§ **Task to complete**
What is wanted is every line below from the one with "Dámská zimní čepice" up to and including the one with "Estimation du coût", retyped exactly, pictures excluded, nothing else.

§ **Stored data**
*** Begin section ***

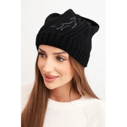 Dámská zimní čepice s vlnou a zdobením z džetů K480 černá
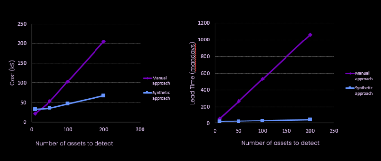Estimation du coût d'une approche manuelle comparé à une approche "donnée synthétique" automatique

*** End section ***
*** Begin section ***

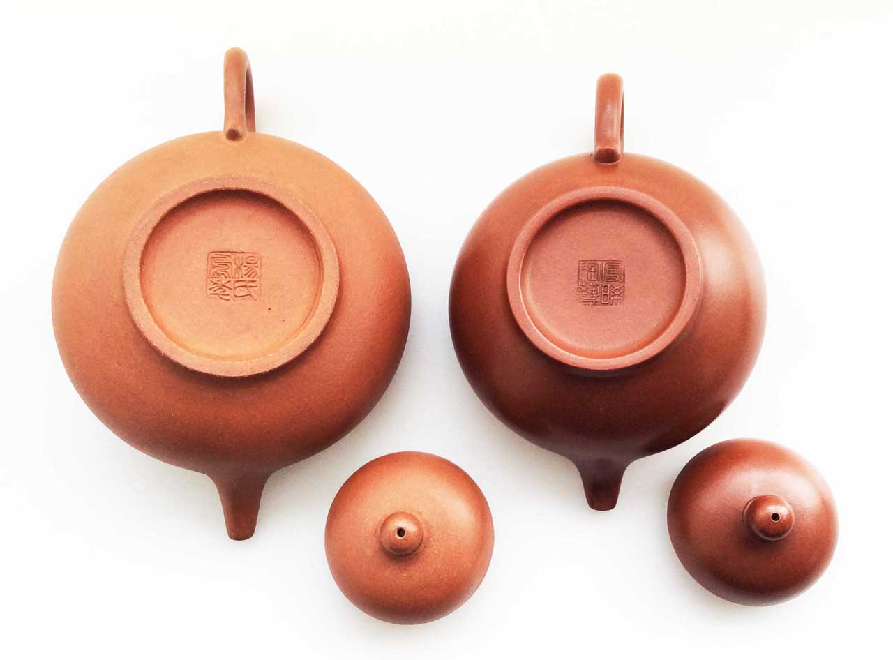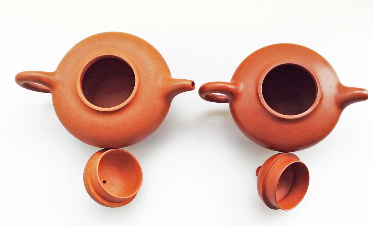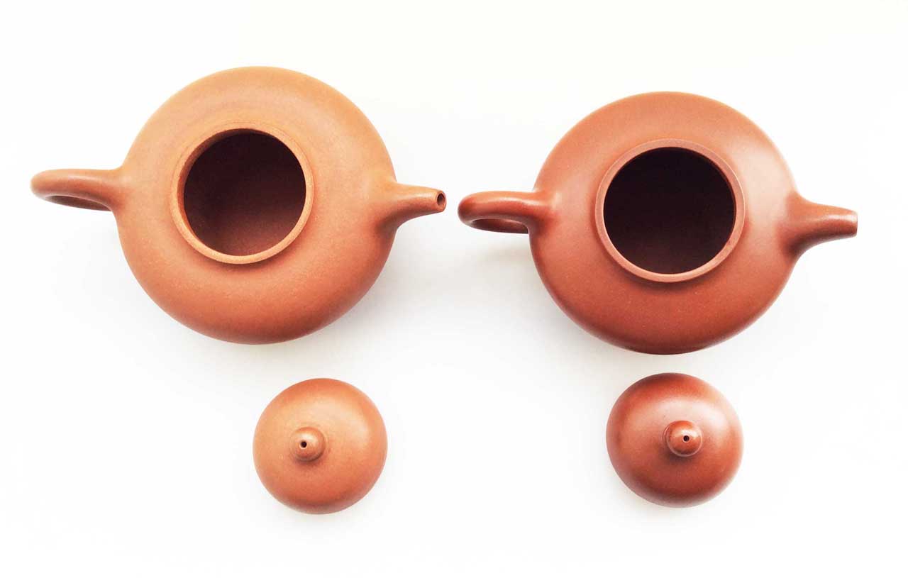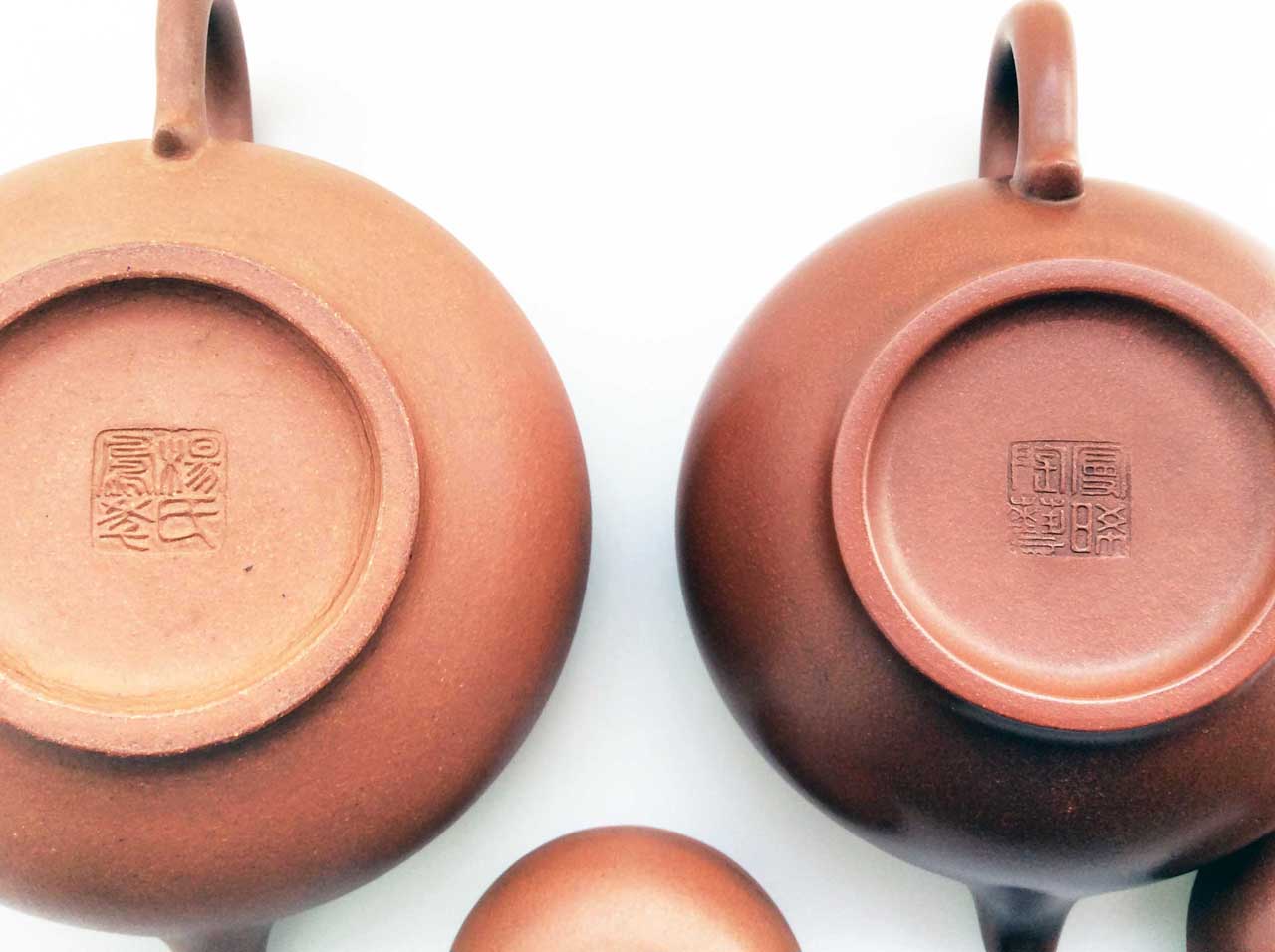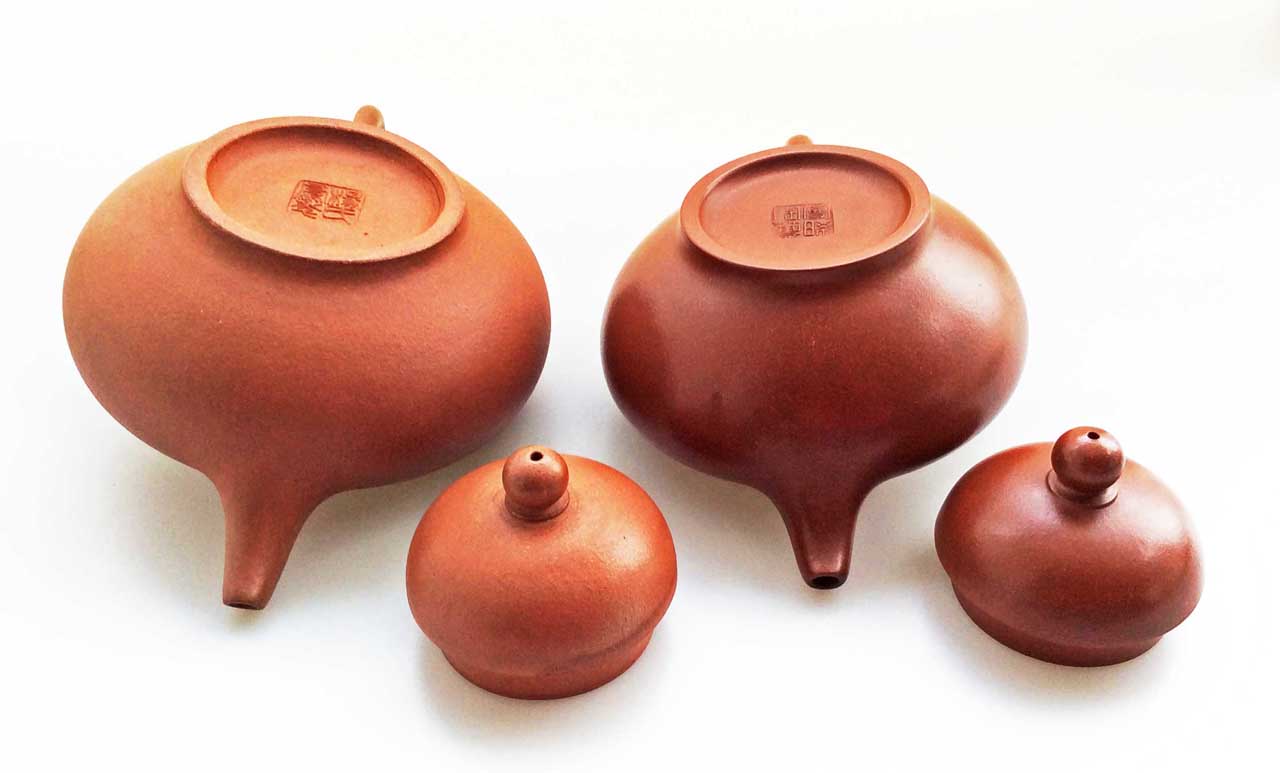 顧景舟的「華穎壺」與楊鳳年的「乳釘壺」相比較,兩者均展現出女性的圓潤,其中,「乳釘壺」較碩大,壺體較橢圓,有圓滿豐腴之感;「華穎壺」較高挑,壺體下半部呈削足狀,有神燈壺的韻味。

*** End section ***

§ **Answer space**
 Dámská zimní čepice s vlnou a zdobením z džetů K480 černá
Estimation du coût d'une approche manuelle comparé à une approche "donnée synthétique" automatique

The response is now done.